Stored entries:
____________

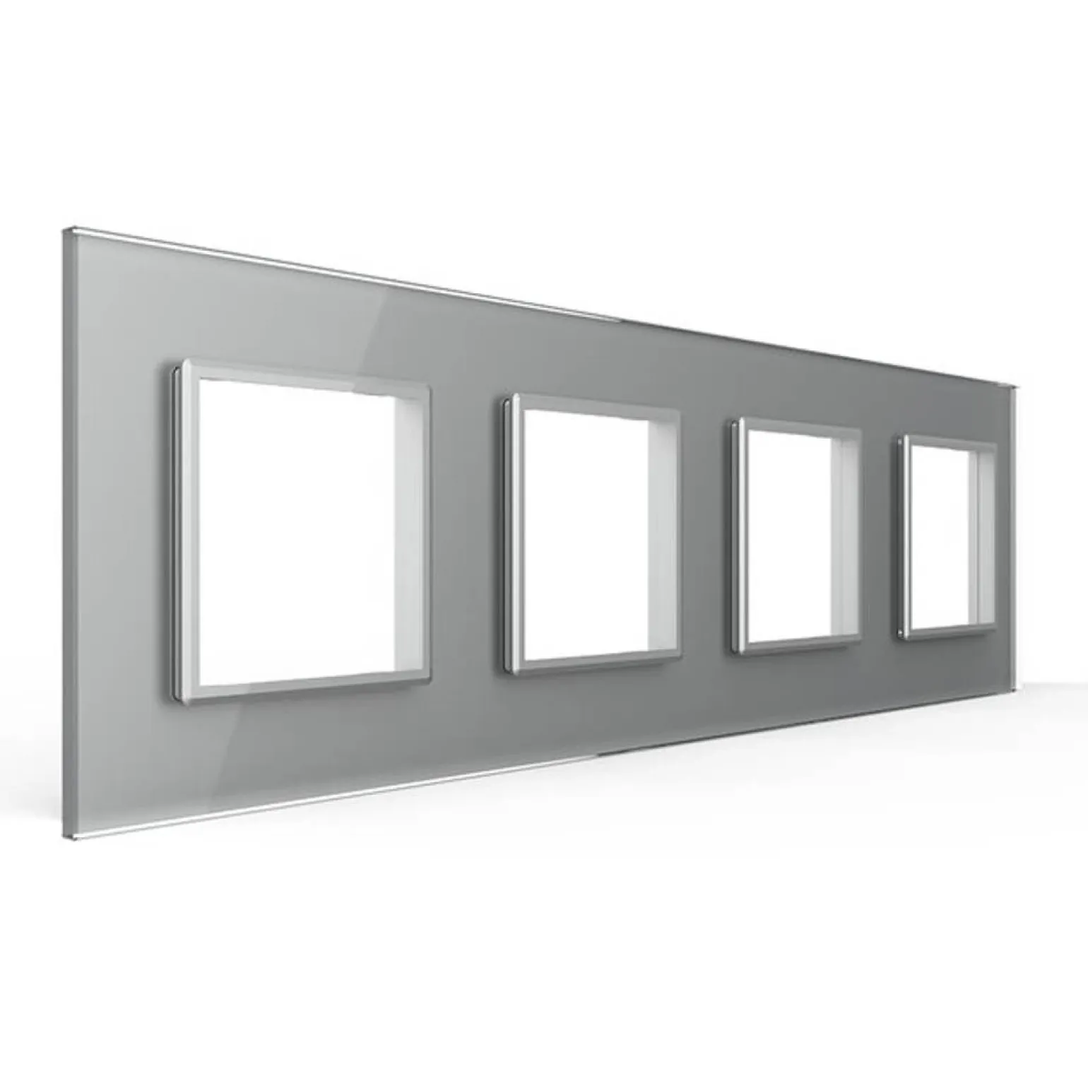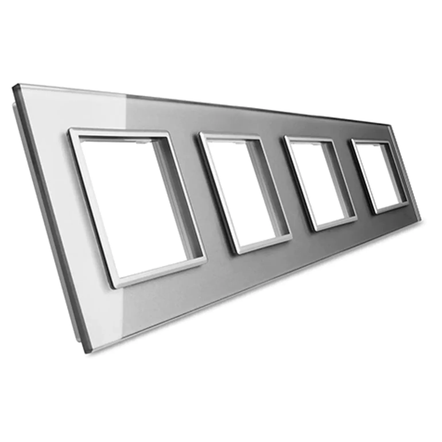 Czterokrotna srebrna ramka szklana (GPF-4-64) LIVOLO to doskonałe rozwiązanie dla osób poszukujących elegancji oraz nowoczesności w swoim domu. Wykonana z panelu ze szkła kryształowego, nie tylko pięknie się prezentuje, ale również jest łatwa w utrzymaniu czystości. Dzięki swojej srebrnej kolorystyce, ramka idealnie wpasuje się w każdy wystrój wnętrz, nadając im elegancki design. Produkt ten jest częścią bogatej oferty marki Livolo, która specjalizuje się w włącznikach, gniazdach i akcesoriach elektrycznych, w tym nowoczesnych technologiach do zarządzania oświetleniem.
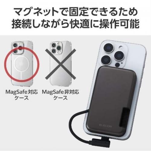 ●iPhone背面のマグネットに貼り付くため、SSD本体やコードがぶら下がった状態になりません。コードもゆとりがある設計で、接続しながら快適な操作が可能です。
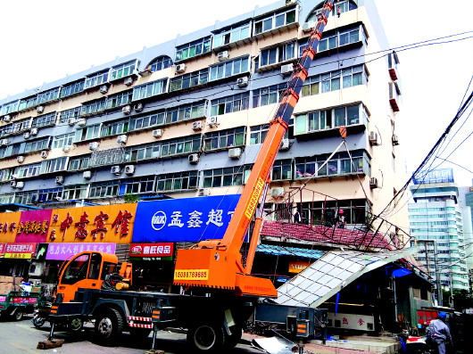 十亩园社区,一辆吊车正将拆掉的广告牌、铁架子从楼顶运到地面。 本报记者 王倩 摄
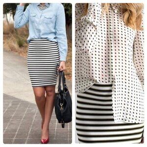 5/$100 SALE - A.L.C Marilyn Black White Yellow Striped Knit Pencil Skirt
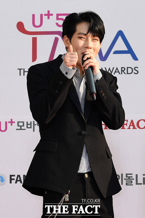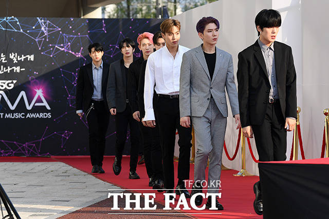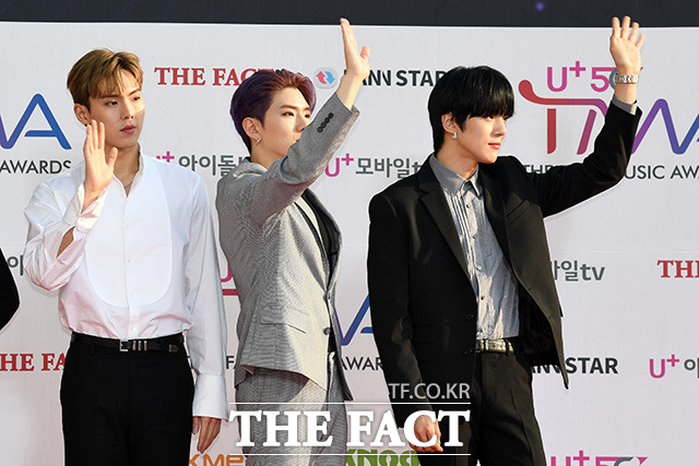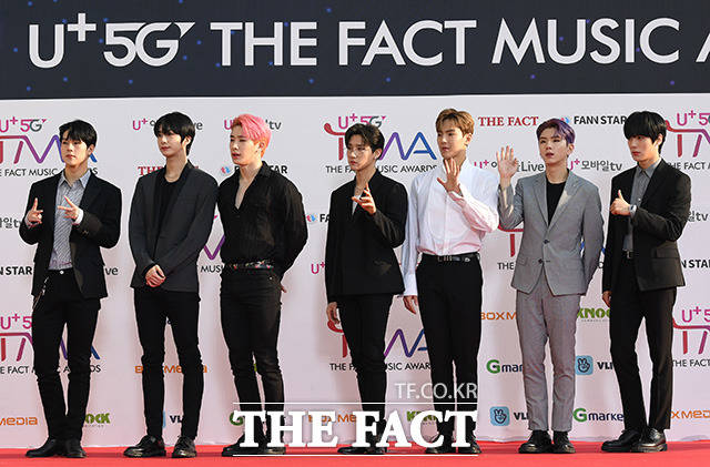 [더팩트ㅣ인천남동체육관=사진영상기획부] 더팩트가 주최하고 팬앤스타(FAN N STAR)가 주관하는 'U⁺5G 더팩트 뮤직 어워즈'(U⁺5G THE FACT MUSIC AWARDS, 'TMA')가 24일 오후 인천광역시 남동구 남동체육관에서 열린 가운데 그룹 몬스타엑스가 포토타임을 갖고 있다.
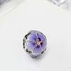Nova Pulseira Estilo Bandeja com Contas Flor de Esmalte Prata-Roxa, Contas Grandes 3D Flor Cravejadas de Strass Acessórios para Pulseira DIY
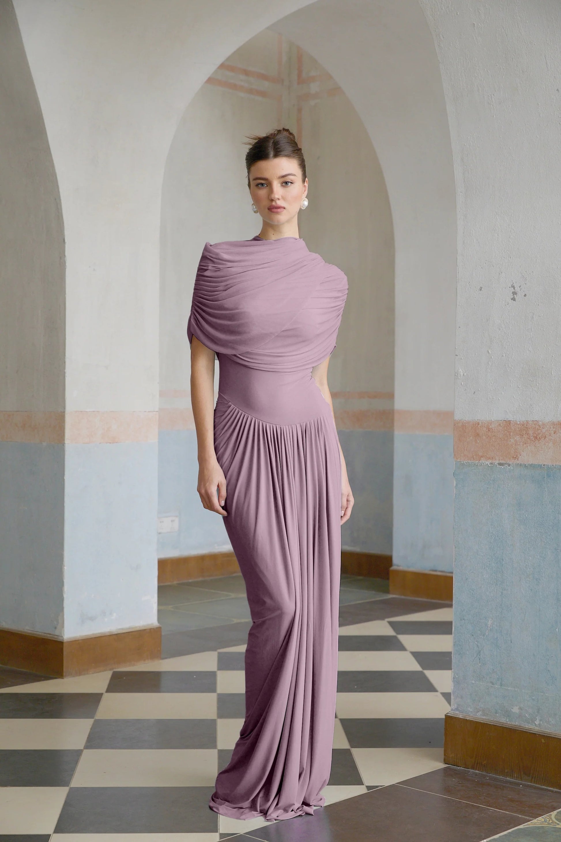 Catherine asymmetrical pleated maxi dress in Purple
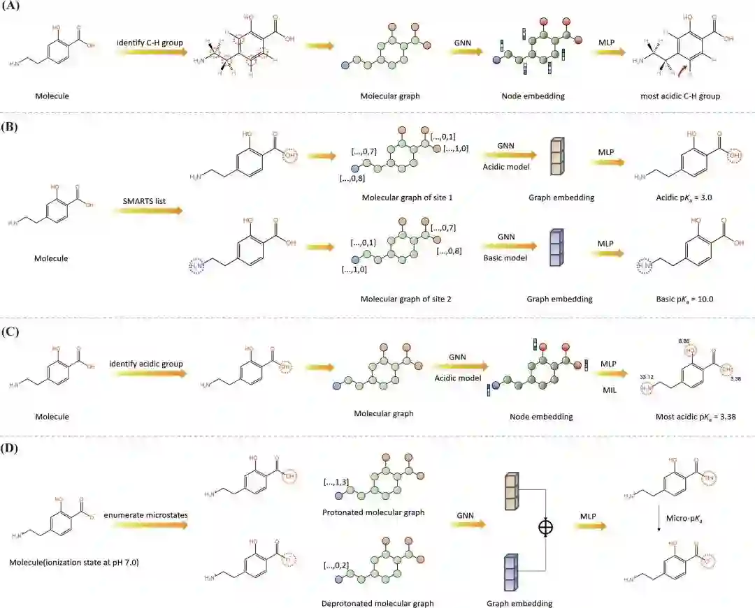基于描述符的模型以专家提取的固定维特征向量作为输入。相比之下,基于图的模型直接作用于由基本原子和键属性注释的分子图。这篇综述概述了基于ML的小分子pKa预测的最新进展,总结了计算预测工具,并讨论了当前的挑战和未来的方向。
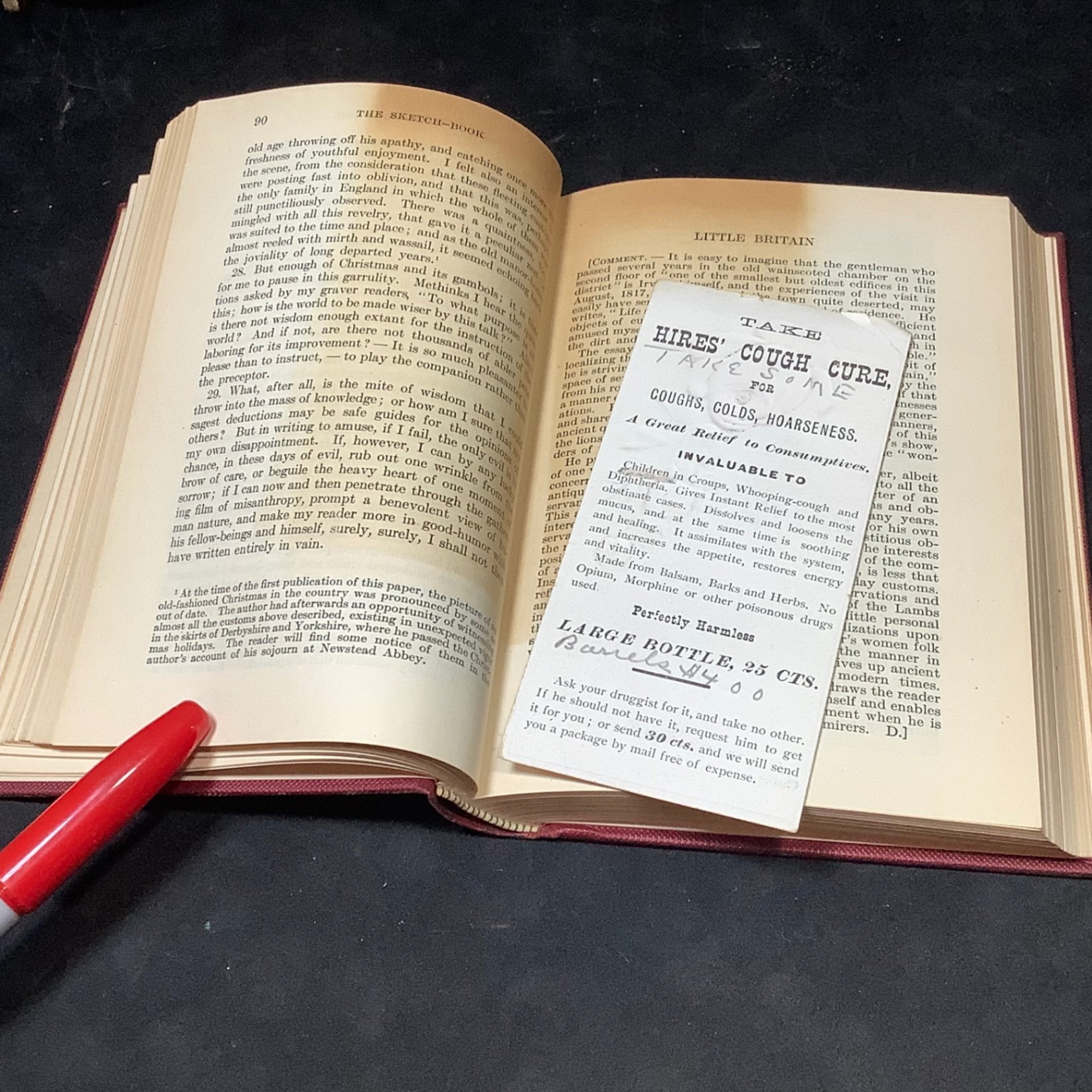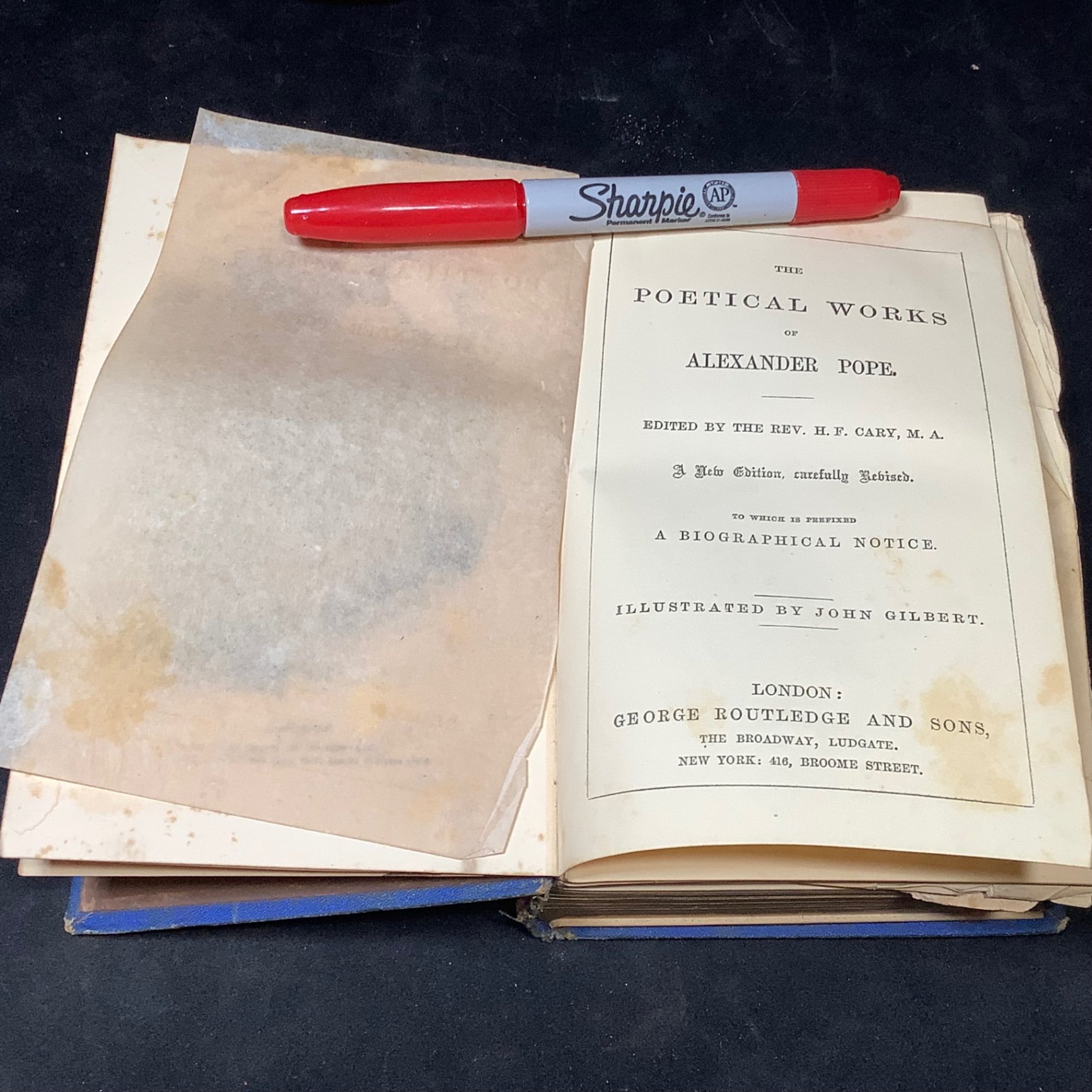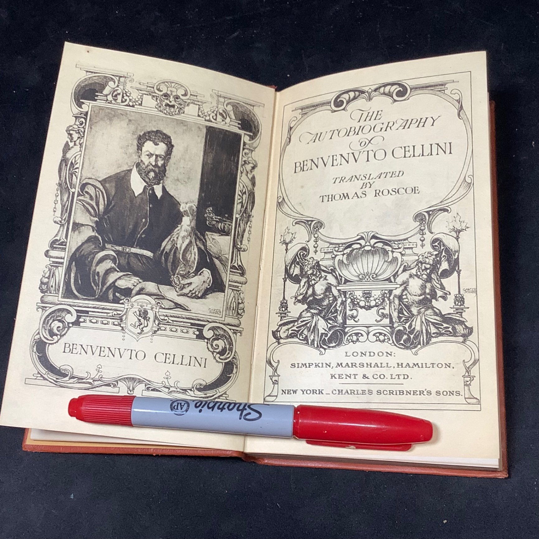 Leather bound, stamped, and colored The Poetical Works of Alexander Pope, M.A., George Routledge and Sons, gilt edge with a section falling out. Leather bound Idylls of the King by Alfred, Lord Tennyson, Thomas Y. Crowell Company Publishers. Leather bound Autobiography of Benvento Cellini, trans. Thomas Roscoe, Charles Scribner's Sons, New York. MacMillan Red Pocket Classics - Keary's Heroes of Asgard 1904 and Dickens' A Tale of Two Cities 1906, Tan Pocket Classics - Thackeray's Henry Edmond 1907 and Stevenson's Kidnapped 1914.Sir Roger De Coverley Papers, 1898. Shakespeare's Tragedies. Brian by Yorke. The Sketch-Book by Irving, 1907. Select Poems of Robert Burns, 1905. Stowe's The Pear of Orr's Island. Leather bound The Collected Verse of Edward A. Guest, 1936. Adjustable metal book holder. 16 pieces.

____________

With the images excluded, output every record verbatim.

RESPONSE AREA:
 Czterokrotna srebrna ramka szklana (GPF-4-64) LIVOLO to doskonałe rozwiązanie dla osób poszukujących elegancji oraz nowoczesności w swoim domu. Wykonana z panelu ze szkła kryształowego, nie tylko pięknie się prezentuje, ale również jest łatwa w utrzymaniu czystości. Dzięki swojej srebrnej kolorystyce, ramka idealnie wpasuje się w każdy wystrój wnętrz, nadając im elegancki design. Produkt ten jest częścią bogatej oferty marki Livolo, która specjalizuje się w włącznikach, gniazdach i akcesoriach elektrycznych, w tym nowoczesnych technologiach do zarządzania oświetleniem.
 ●iPhone背面のマグネットに貼り付くため、SSD本体やコードがぶら下がった状態になりません。コードもゆとりがある設計で、接続しながら快適な操作が可能です。
 十亩园社区,一辆吊车正将拆掉的广告牌、铁架子从楼顶运到地面。 本报记者 王倩 摄
 5/$100 SALE - A.L.C Marilyn Black White Yellow Striped Knit Pencil Skirt
 [더팩트ㅣ인천남동체육관=사진영상기획부] 더팩트가 주최하고 팬앤스타(FAN N STAR)가 주관하는 'U⁺5G 더팩트 뮤직 어워즈'(U⁺5G THE FACT MUSIC AWARDS, 'TMA')가 24일 오후 인천광역시 남동구 남동체육관에서 열린 가운데 그룹 몬스타엑스가 포토타임을 갖고 있다.
Nova Pulseira Estilo Bandeja com Contas Flor de Esmalte Prata-Roxa, Contas Grandes 3D Flor Cravejadas de Strass Acessórios para Pulseira DIY
 Catherine asymmetrical pleated maxi dress in Purple
基于描述符的模型以专家提取的固定维特征向量作为输入。相比之下,基于图的模型直接作用于由基本原子和键属性注释的分子图。这篇综述概述了基于ML的小分子pKa预测的最新进展,总结了计算预测工具,并讨论了当前的挑战和未来的方向。
 Leather bound, stamped, and colored The Poetical Works of Alexander Pope, M.A., George Routledge and Sons, gilt edge with a section falling out. Leather bound Idylls of the King by Alfred, Lord Tennyson, Thomas Y. Crowell Company Publishers. Leather bound Autobiography of Benvento Cellini, trans. Thomas Roscoe, Charles Scribner's Sons, New York. MacMillan Red Pocket Classics - Keary's Heroes of Asgard 1904 and Dickens' A Tale of Two Cities 1906, Tan Pocket Classics - Thackeray's Henry Edmond 1907 and Stevenson's Kidnapped 1914.Sir Roger De Coverley Papers, 1898. Shakespeare's Tragedies. Brian by Yorke. The Sketch-Book by Irving, 1907. Select Poems of Robert Burns, 1905. Stowe's The Pear of Orr's Island. Leather bound The Collected Verse of Edward A. Guest, 1936. Adjustable metal book holder. 16 pieces.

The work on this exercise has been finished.